- TASK REQUIREMENTS: Output the records below in full, word for word; pictures do not belong in it.

*** Opening of SUPPLIED DATA ***

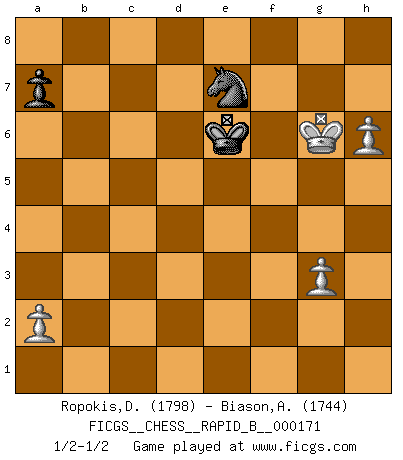 Last move : 1/2-1/2 2011 June 1 16:13:16 [Event "FICGS__CHESS__RAPID_B__000171"] [Site "FICGS"] [Date "2011.01.04"] [Round "1"] [White "Ropokis,Dimitrios"] [Black "Biason,Adriano"] [Result "1/2-1/2"] [WhiteElo "1798"] [BlackElo "1744"] 1.d4 Nf6 2.Nf3 e6 3.c4 b6 4.g3 Ba6 5.b3 Bb4+ 6.Bd2 Be7 7.Bg2 c6 8.Bc3 d5 9.Nbd2 Nbd7 10.O-O O-O 11.Re1 c5 12.e4 dxe4 13.Nxe4 Bb7 14.Nfg5 cxd4 15.Bxd4 Nxe4 16.Nxe4 Qc7 17.Qh5 Rad8 18.Rad1 Bb4 19.Re3 e5 20.Bc3 Bxe4 21.Bxb4 Nf6 22.Qe2 Rxd1+ 23.Qxd1 Rd8 24.Qe2 Bxg2 25.Kxg2 Nd7 26.Ba3 Re8 27.Qf3 Nf6 28.Bb2 h6 29.Qf5 Nd7 30.f3 f6 31.Ba3 Nf8 32.Rd3 Ne6 33.Rd6 Qc8 34.Qg4 b5 35.Qe4 Ng5 36.Qd5+ Kh8 37.Rd7 bxc4 38.bxc4 Qa6 39.Qd3 Qe6 40.Rd8 Rxd8 41.Qxd8+ Kh7 42.Qd3+ f5 43.Qd5 Qa6 44.Bb2 Qa4 45.Qd3 e4 46.fxe4 fxe4 47.Qc3 Qd7 48.h4 Qh3+ 49.Kf2 Qh2+ 50.Kf1 Qh1+ 51.Kf2 Nh3+ 52.Ke3 Qf3+ 53.Kd4 Qf5 54.Ke3 Qg4 55.Qxg7+ Qxg7 56.Bxg7 Kxg7 57.Kxe4 Nf2+ 58.Ke5 Kf7 59.c5 Ke7 60.Kf5 Nd3 61.c6 Nb4 62.c7 Kd7 63.Kg6 Nd5 64.Kxh6 Nxc7 65.h5 Ke6 66.Kg6 Nd5 67.h6 Ne7+ 68.Kg7 Nf5+ 69.Kg6 Ne7+ 1/2-1/2 Queen's pawn game Kingside Castling by player White (move 10) Kingside Castling by player Black (move 10) 10 pieces endgame at move 56 : White KPPPP , Black KNPPP WHITE : King + 4 Pawns BLACK : King + 1 Knight 3 Pawns 9 pieces endgame at move 57 : White KPPPP , Black KNPP WHITE : King + 4 Pawns BLACK : King + 1 Knight 2 Pawns 8 pieces endgame at move 64 : White KPPPP , Black KNP WHITE : King + 4 Pawns BLACK : King + 1 Knight 1 Pawn 7 pieces endgame at move 64 : White KPPP , Black KNP WHITE : King + 3 Pawns BLACK : King + 1 Knight 1 Pawn This chess game ended in a draw. Follow this game move after move (download)If Chess is a science, it's a most inexact one. If Chess is an art, it is too exacting to be seen as one. If Chess is a sport, it's too esoteric. If Chess is a game, it's too demanding to be just a game. If Chess is a mistress, she's a demanding one. If Chess is a passion, it's a rewarding one. If Chess is life, it's a sad one. (Unknown) Mutter, ich bin eben Ex-Weltmeister geworden. --beim nach Hause Kommen nach dem Verlust des WM-Titels an Mihail Botvinnik -- (Mikhail Nekhemyevich Tal) Sin errores no puede haber brillantez. (Emanuel Lasker) Les réformistes prétendent que les progrès de la théorie conduiront à la disparition des échecs, et qu'il faut, pour leur rendre vie, en remanier les règles. En réalité, qu'exprime cette affirmation? Le mépris de l'intuition, de l'imagination et de tous les autres éléments qui font des échecs un art. (Alexander Alekhine) Heh, heh, heh. Time to abandon ship. (General Grievous in Star Wars ep.3)
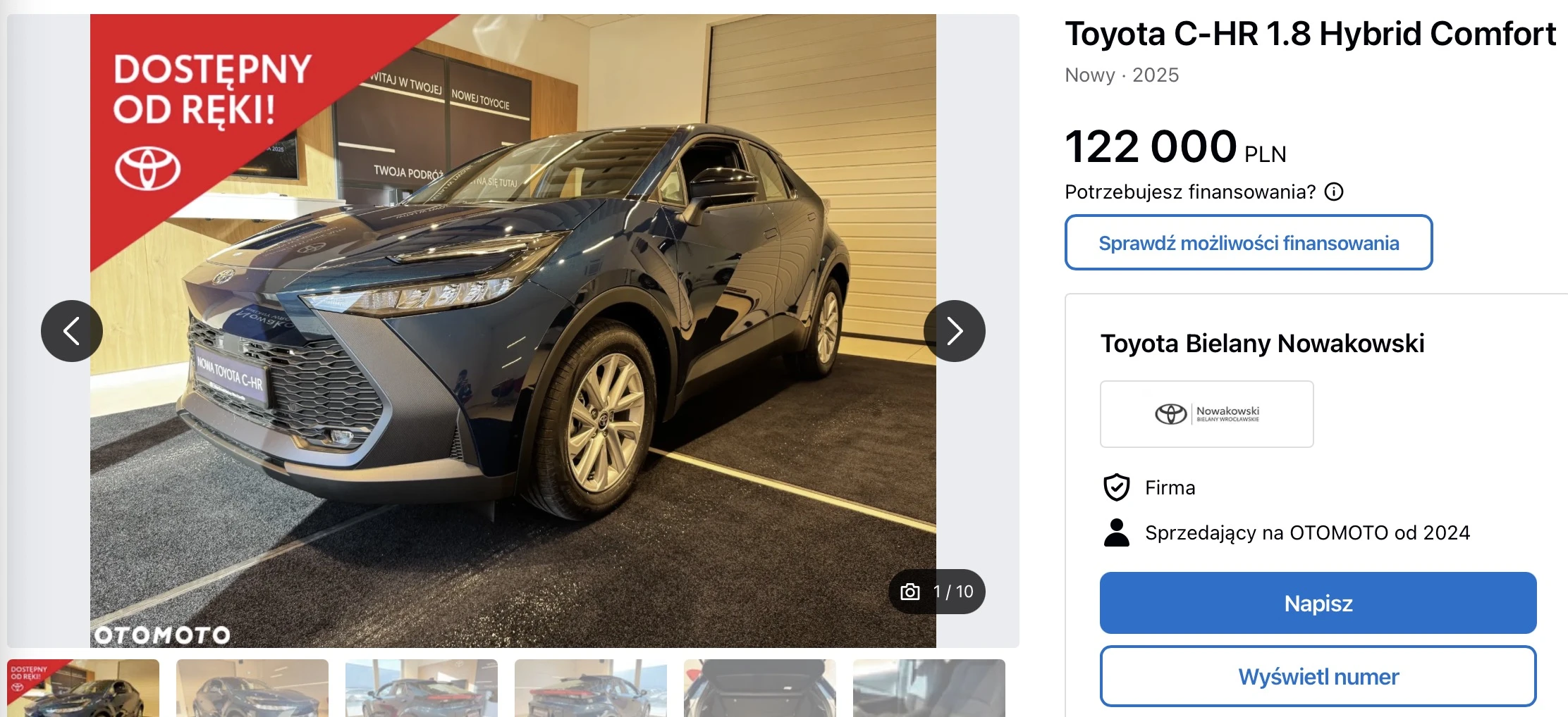 Wersja wyposażenia możliwie najniższa, ale argumenty są trzy. Po pierwsze - to oczywiście hybrydowa Toyota, więc spora część naszej redakcji już się zbiera, żeby zakrzyknąć "niezawodna". Po drugie - to faktycznie rozsądna cena. Może i nie absolutnie najniższa cena z wyprzedaży, ale na tle narzekań na ceny początkowe tej generacji - jest dobrze.
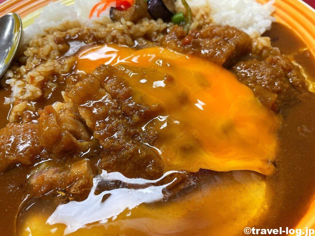 そして、生たまごの黄身を切り離し、カレーの山頂に乗せて、残りはカレーの海にリリース
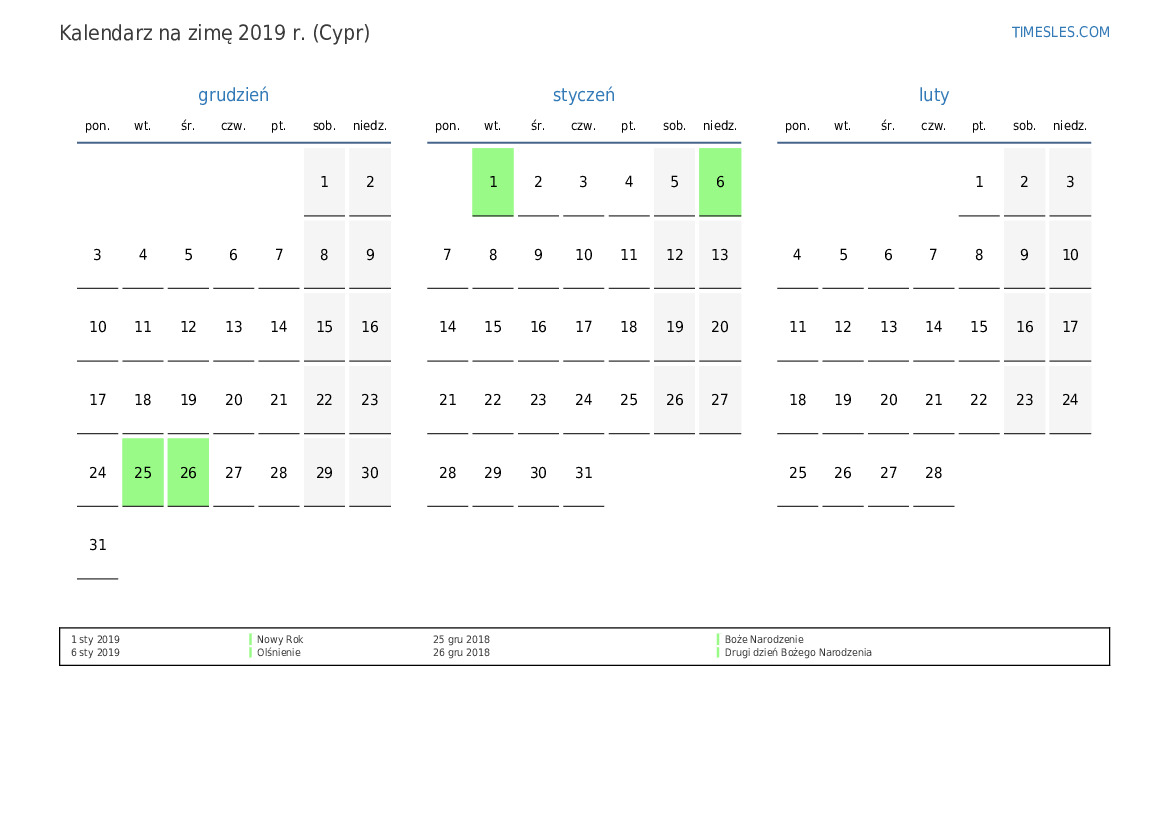 Pobierz i wydrukuj kalendarz PDF ze świętami i weekendami na zimę 2019 roku dla Cypru
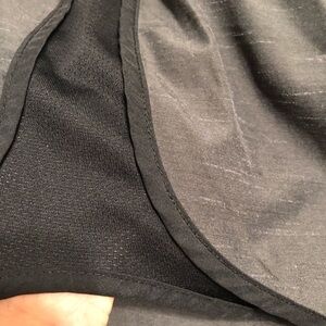 Elastic waist with drawstring, 14 inches across the waist 11 1/2 inch rise 3 inch inseam
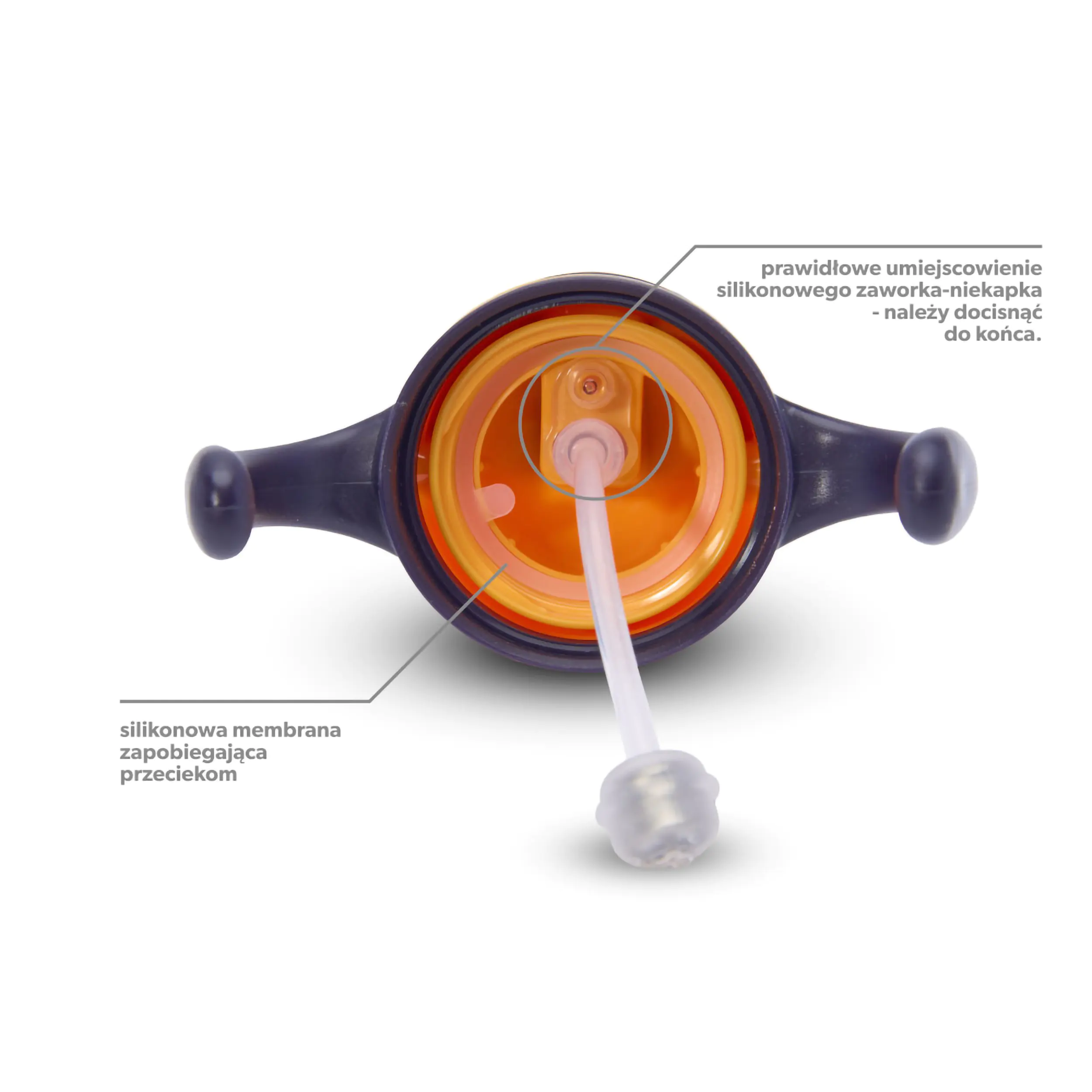Aktywacja zaworka: Przed pierwszym użyciem kilkakrotnie ściśnij silikonowy ustnik palcami, aby udrożnić dwukierunkowy zaworek.

*** Close of SUPPLIED DATA ***

- OUTPUT BELOW:
 Last move : 1/2-1/2 2011 June 1 16:13:16 [Event "FICGS__CHESS__RAPID_B__000171"] [Site "FICGS"] [Date "2011.01.04"] [Round "1"] [White "Ropokis,Dimitrios"] [Black "Biason,Adriano"] [Result "1/2-1/2"] [WhiteElo "1798"] [BlackElo "1744"] 1.d4 Nf6 2.Nf3 e6 3.c4 b6 4.g3 Ba6 5.b3 Bb4+ 6.Bd2 Be7 7.Bg2 c6 8.Bc3 d5 9.Nbd2 Nbd7 10.O-O O-O 11.Re1 c5 12.e4 dxe4 13.Nxe4 Bb7 14.Nfg5 cxd4 15.Bxd4 Nxe4 16.Nxe4 Qc7 17.Qh5 Rad8 18.Rad1 Bb4 19.Re3 e5 20.Bc3 Bxe4 21.Bxb4 Nf6 22.Qe2 Rxd1+ 23.Qxd1 Rd8 24.Qe2 Bxg2 25.Kxg2 Nd7 26.Ba3 Re8 27.Qf3 Nf6 28.Bb2 h6 29.Qf5 Nd7 30.f3 f6 31.Ba3 Nf8 32.Rd3 Ne6 33.Rd6 Qc8 34.Qg4 b5 35.Qe4 Ng5 36.Qd5+ Kh8 37.Rd7 bxc4 38.bxc4 Qa6 39.Qd3 Qe6 40.Rd8 Rxd8 41.Qxd8+ Kh7 42.Qd3+ f5 43.Qd5 Qa6 44.Bb2 Qa4 45.Qd3 e4 46.fxe4 fxe4 47.Qc3 Qd7 48.h4 Qh3+ 49.Kf2 Qh2+ 50.Kf1 Qh1+ 51.Kf2 Nh3+ 52.Ke3 Qf3+ 53.Kd4 Qf5 54.Ke3 Qg4 55.Qxg7+ Qxg7 56.Bxg7 Kxg7 57.Kxe4 Nf2+ 58.Ke5 Kf7 59.c5 Ke7 60.Kf5 Nd3 61.c6 Nb4 62.c7 Kd7 63.Kg6 Nd5 64.Kxh6 Nxc7 65.h5 Ke6 66.Kg6 Nd5 67.h6 Ne7+ 68.Kg7 Nf5+ 69.Kg6 Ne7+ 1/2-1/2 Queen's pawn game Kingside Castling by player White (move 10) Kingside Castling by player Black (move 10) 10 pieces endgame at move 56 : White KPPPP , Black KNPPP WHITE : King + 4 Pawns BLACK : King + 1 Knight 3 Pawns 9 pieces endgame at move 57 : White KPPPP , Black KNPP WHITE : King + 4 Pawns BLACK : King + 1 Knight 2 Pawns 8 pieces endgame at move 64 : White KPPPP , Black KNP WHITE : King + 4 Pawns BLACK : King + 1 Knight 1 Pawn 7 pieces endgame at move 64 : White KPPP , Black KNP WHITE : King + 3 Pawns BLACK : King + 1 Knight 1 Pawn This chess game ended in a draw. Follow this game move after move (download)If Chess is a science, it's a most inexact one. If Chess is an art, it is too exacting to be seen as one. If Chess is a sport, it's too esoteric. If Chess is a game, it's too demanding to be just a game. If Chess is a mistress, she's a demanding one. If Chess is a passion, it's a rewarding one. If Chess is life, it's a sad one. (Unknown) Mutter, ich bin eben Ex-Weltmeister geworden. --beim nach Hause Kommen nach dem Verlust des WM-Titels an Mihail Botvinnik -- (Mikhail Nekhemyevich Tal) Sin errores no puede haber brillantez. (Emanuel Lasker) Les réformistes prétendent que les progrès de la théorie conduiront à la disparition des échecs, et qu'il faut, pour leur rendre vie, en remanier les règles. En réalité, qu'exprime cette affirmation? Le mépris de l'intuition, de l'imagination et de tous les autres éléments qui font des échecs un art. (Alexander Alekhine) Heh, heh, heh. Time to abandon ship. (General Grievous in Star Wars ep.3)
 Wersja wyposażenia możliwie najniższa, ale argumenty są trzy. Po pierwsze - to oczywiście hybrydowa Toyota, więc spora część naszej redakcji już się zbiera, żeby zakrzyknąć "niezawodna". Po drugie - to faktycznie rozsądna cena. Może i nie absolutnie najniższa cena z wyprzedaży, ale na tle narzekań na ceny początkowe tej generacji - jest dobrze.
 そして、生たまごの黄身を切り離し、カレーの山頂に乗せて、残りはカレーの海にリリース
 Pobierz i wydrukuj kalendarz PDF ze świętami i weekendami na zimę 2019 roku dla Cypru
 Elastic waist with drawstring, 14 inches across the waist 11 1/2 inch rise 3 inch inseam
Aktywacja zaworka: Przed pierwszym użyciem kilkakrotnie ściśnij silikonowy ustnik palcami, aby udrożnić dwukierunkowy zaworek.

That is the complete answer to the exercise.